Tiradores hechos a mano y tacto de madera
Los tiradores hechos a mano cierran el conjunto con una nota muy concreta. No son un gesto decorativo aislado, sino una parte visible de la experiencia de uso. En los primeros planos, el metal y la madera conviven con una escala pequeña, casi doméstica, que contrasta con la amplitud de la puerta doble. Ese tipo de detalle hace que la carpintería se lea también al tocarla, no solo al verla desde el salón o desde el paso contiguo.
El acabado con aceite en roble deja un aspecto más mate y deja entrar la luz en la superficie sin brillo excesivo. La madera conserva variaciones naturales de tono, algo que se aprecia en cada hoja y en el marco que las rodea. En una casa con paredes claras y suelo de madera, esa decisión material evita el contraste duro y permite que la puerta encaje con la paleta existente.

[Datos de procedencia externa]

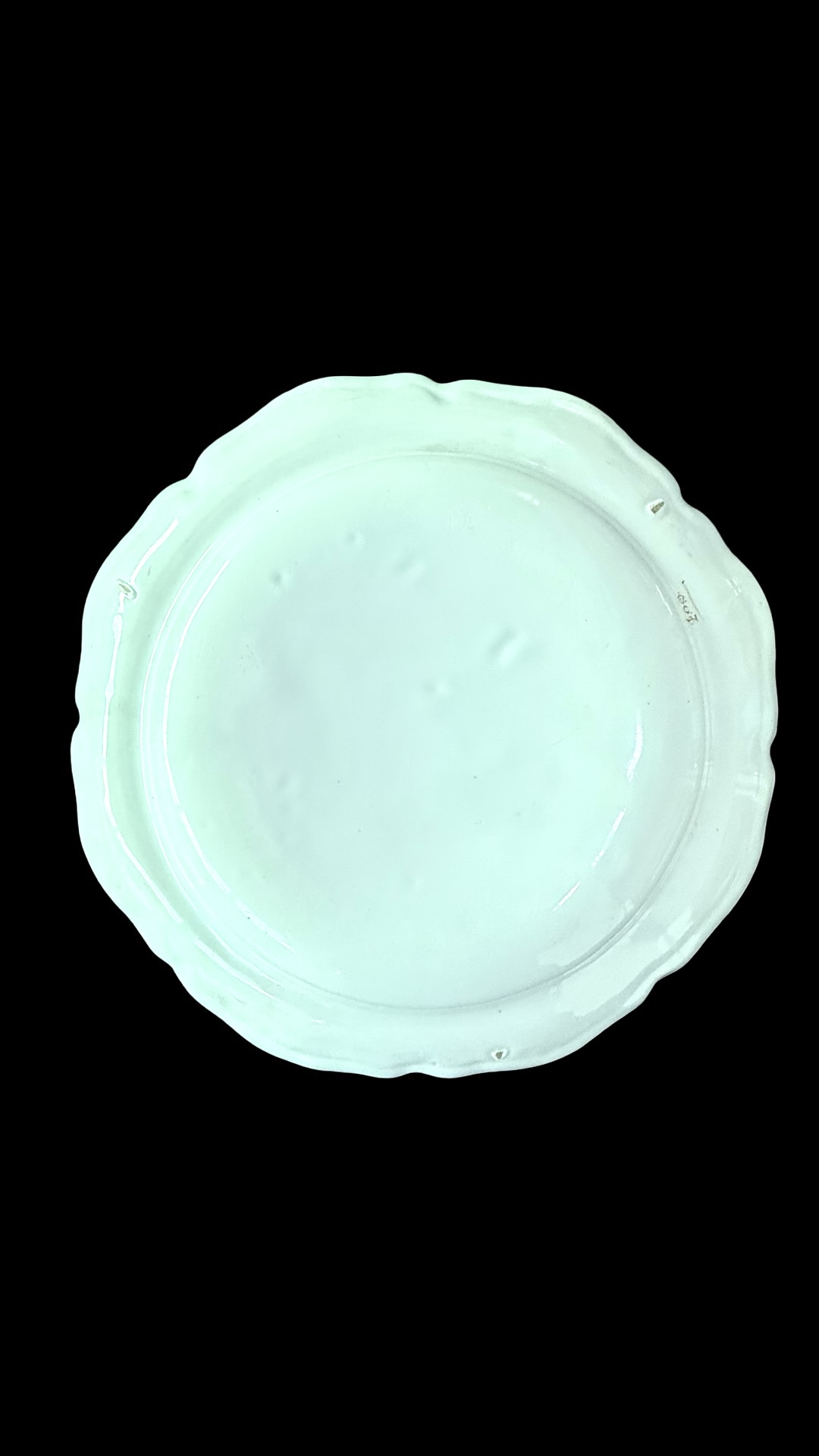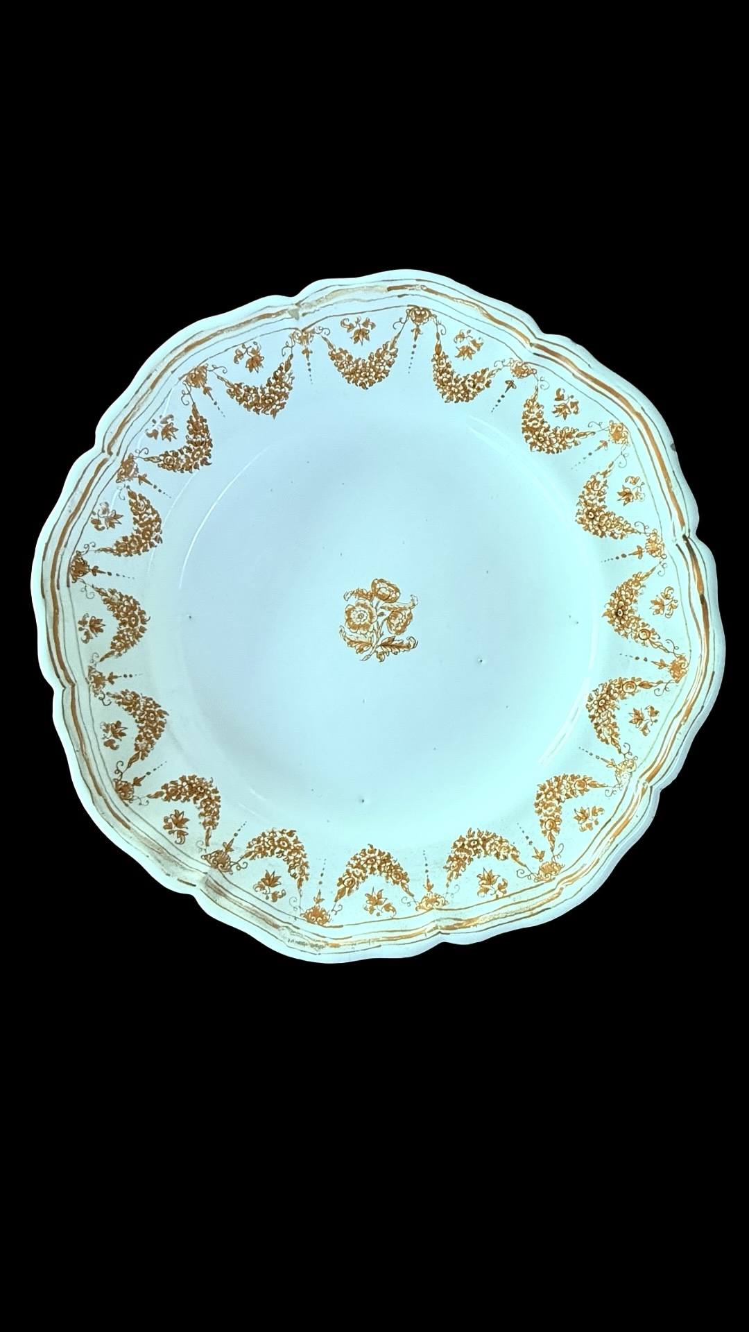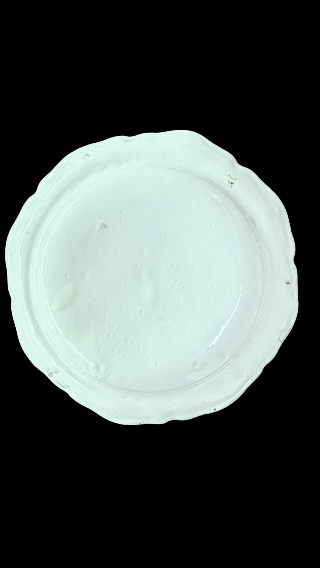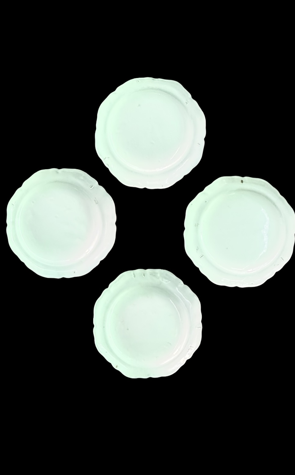 Four majolica plates decorated with festoons and floral motifs. Moustiers, France. Signature Jean Etienne Baron. Olerys and Laugier manufactory.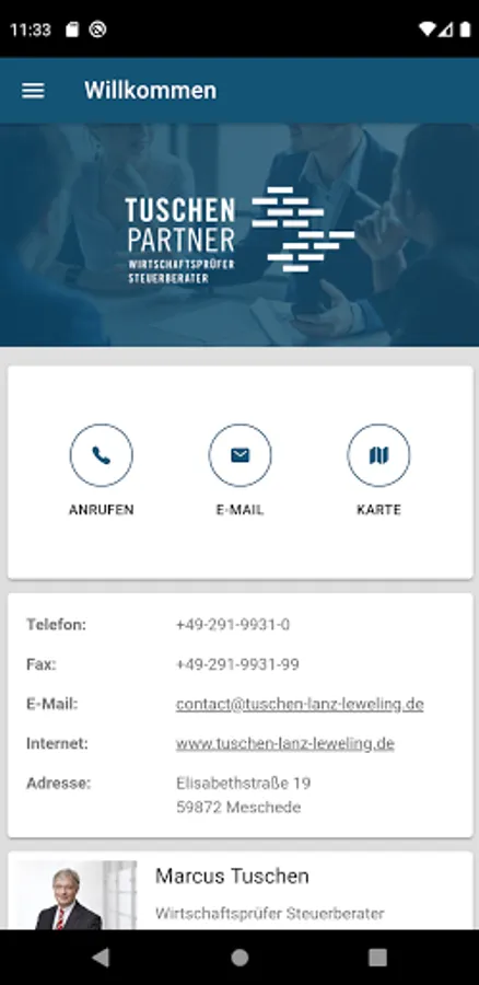 In this app you will find our contact details, which you can use to contact us by phone or email. In addition, you can quickly and conveniently filter current tax information that is relevant and interesting for you - according to industries, income types and other personal subject areas. Of course, access to our client magazine, which appears quarterly, is also possible. Furthermore, you can send receipts, documents and other pieces of writing to us quickly, securely and conveniently in digital form - with just one click. With additional work aids, such as a gross / net calculator and a discount calculator, we offer you a practical companion in everyday business life.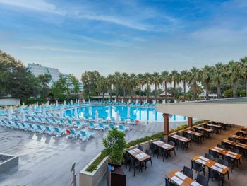 Приехали не на тот корпус, но отель быстро организовал шаттл до главного здания — красивый фасад, яркая вывеска, уютный холл и welcome-зона с прохладительными напитками. Территория зелёная и ухоженная: высокие пальмы, подстриженный газон, тенистые зоны с гамаками и местами для отдыха. Вечерами — шоу-программы, лазерные представления, приятная атмосфера. У бассейнов проходили интересные интерактивы и анимация (для возрастов 16+). Хороший аквапарк с горками — подойдёт как детям, так и взрослым. От центрального корпуса до моря — около 10 минут пешком. На пляже работает бар с напитками и закусками. Море красивое и чистое изумрудного цвета. Питание разнообразное: ежедневно рыба (дорада, сибас), мясо, гриль, вкусный чечевичный суп. Фрукты — арбуз, дыня, груши, яблоки, апельсины, сливы. Алкогольные и безалкогольные коктейли, вкусное пиво и вино. В течение дня и вечером — мороженое (ванильное, карамельное, шоколадное, фисташковое). Регулярно проводилась уборка номера.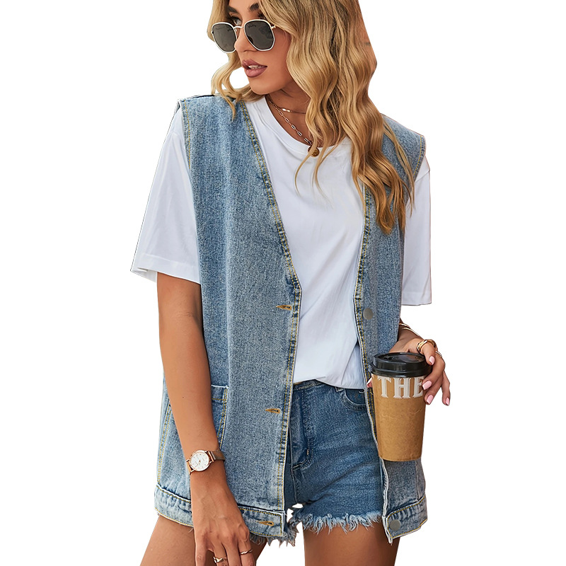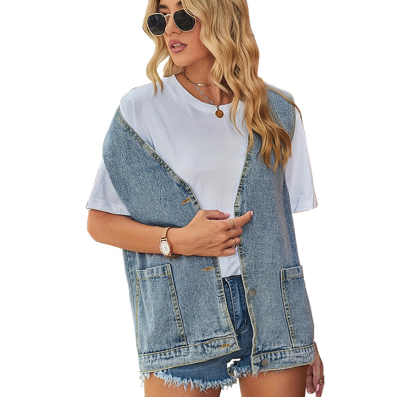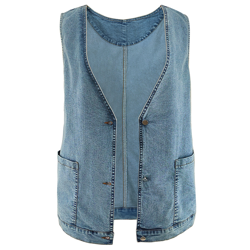 218713 크로스보더 플러스 사이즈 여성용 루즈 버전 빅 포켓 데님 조끼 여름 조끼 민소매 자켓 직접 판매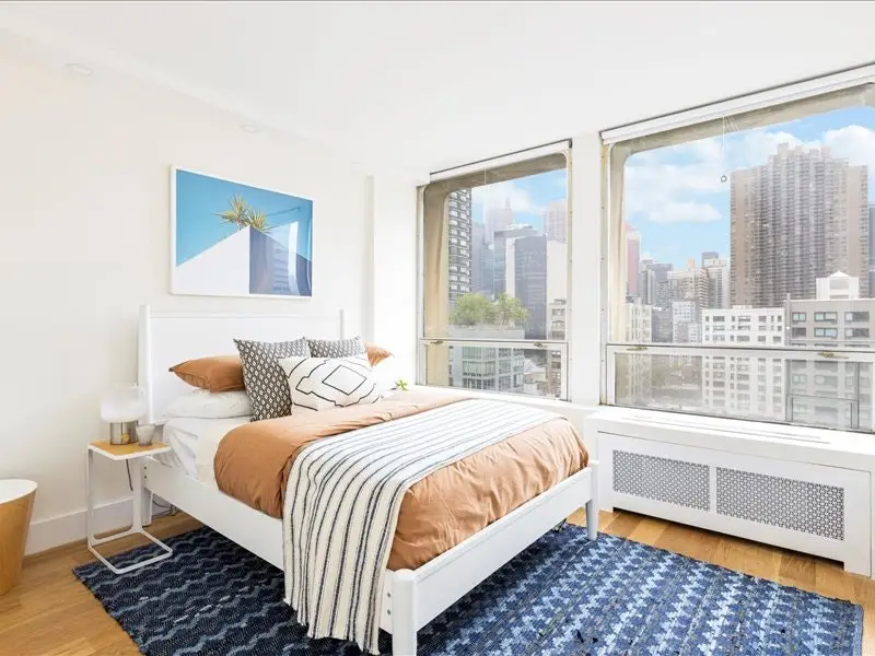Sponsor Sale. No board approval or application required! Prepare to be amazed! No detail was overlooked in this meticulously gut-renovated 2-bedroom home at the highly coveted Kips Bay Towers condominium. Benefit from the opportunity of being the 1st homeowner to enjoy this beautiful renovation. This high floor apartment has tremendous north and eastern views, with floor to ceiling windows allowing for all day light and peaks of the Chrysler Building to the north and a river view to the east. The kitchen is outfitted with top of the line stainless steel appliances by Samsung and Bosh, including a 5 burner stove and a built in microwave drawer. There is ample cabinet space and quartz countertops to blend in seamlessly with the wooden cabinetry. The dining foyer creates a generous space to enjoy your every day meals and there is a wet bar complete with a wine fridge and additional cabinetry for your entertaining needs.  The living room has 5 floor to ceilings windows and the owner creatively removed the HVAC covers to maximize the space and light. The primary bedroom is king in size and in large enough for a home office if so desired. The second bedroom is also a generous size. The bathroom is both modern and sleek with marble wall tile and vanity. Additional features include recessed lighting in every room, new closet doors and frames, and engineered hardwood flooring. Kips Bay Towers Condominium was designed by world-famous architect I.M. Pei. Known for its tight-knit community, the building amenities include a 24/7 door staff and concierge service, a beautiful, recently renovated lobby, state-of-the-art fitness center, a recreation room with a children's play area and televisions, a laundry room with on-site valet and dry cleaning service, bike room, storage, and trunk rooms. Best of all, the building is host to one of New York City's largest private parks, at three acres, this is one of the most coveted amenities in all of NYC. The park includes many seating areas, a full basketball court and a playground, all of which are exclusive to building residents. Sorry, no dogs permitted. Current assessment of $310.72. The hallways are currently under renovation.

La presencia del roble no impone una imagen cerrada; acompaña el interior con una textura legible.
La carpintería a medida como respuesta al espacio
La pieza responde a un encargo muy concreto: una puerta doble a medida, con arco, vidrio y un lenguaje de madera que se ajusta al interior. La propia descripción del proyecto señala hasta dónde llega el trabajo personalizado, y las imágenes lo confirman en cada detalle. Se percibe en la forma del vano, en la adaptación del arco al bastidor y en la relación exacta entre la hoja y el entorno. Esa precisión es la que da sentido a la carpintería a medida cuando el espacio necesita algo más que una solución estándar.
También se ve cómo la puerta participa en la distribución visual de la casa. Desde una estancia se obtiene una línea de fuga hacia otra, y desde el pasillo la carpintería enmarca la profundidad de la vivienda. En una de las vistas, incluso la presencia de un mueble empotrado cercano refuerza la lectura de conjunto, porque el roble de la puerta dialoga con el resto de elementos de madera sin competir con ellos. La apertura, el vidrio y el arco trabajan juntos para que el paso tenga peso propio dentro del interior.
Un proyecto para mirar la casa a través del paso
En conjunto, estas puertas interiores de madera a medida muestran cómo una pieza de paso puede definir la atmósfera visual de varias estancias a la vez. El roble macizo, el vidrio y el arco redondeado construyen una presencia que se entiende mejor en movimiento: cuando la puerta se abre, cuando la luz cruza el paño acristalado o cuando el marco se ve en perspectiva desde otra habitación. Nada aquí depende de un gesto excesivo; el interés está en la relación entre material, forma y recorrido interior.
La lectura final es la de una carpintería pensada para durar en el uso diario y para sostener la imagen del interior con discreción. Las superficies de roble, los tiradores hechos a mano y la geometría del arco hacen que la puerta sea más que un acceso. Se convierte en una pieza que organiza el umbral, deja pasar la luz y da continuidad a la madera dentro de la vivienda. Para quien busca referencia de puertas interiores de roble macizo, este proyecto resume bien cómo una doble hoja puede resolver espacio y presencia en una sola intervención.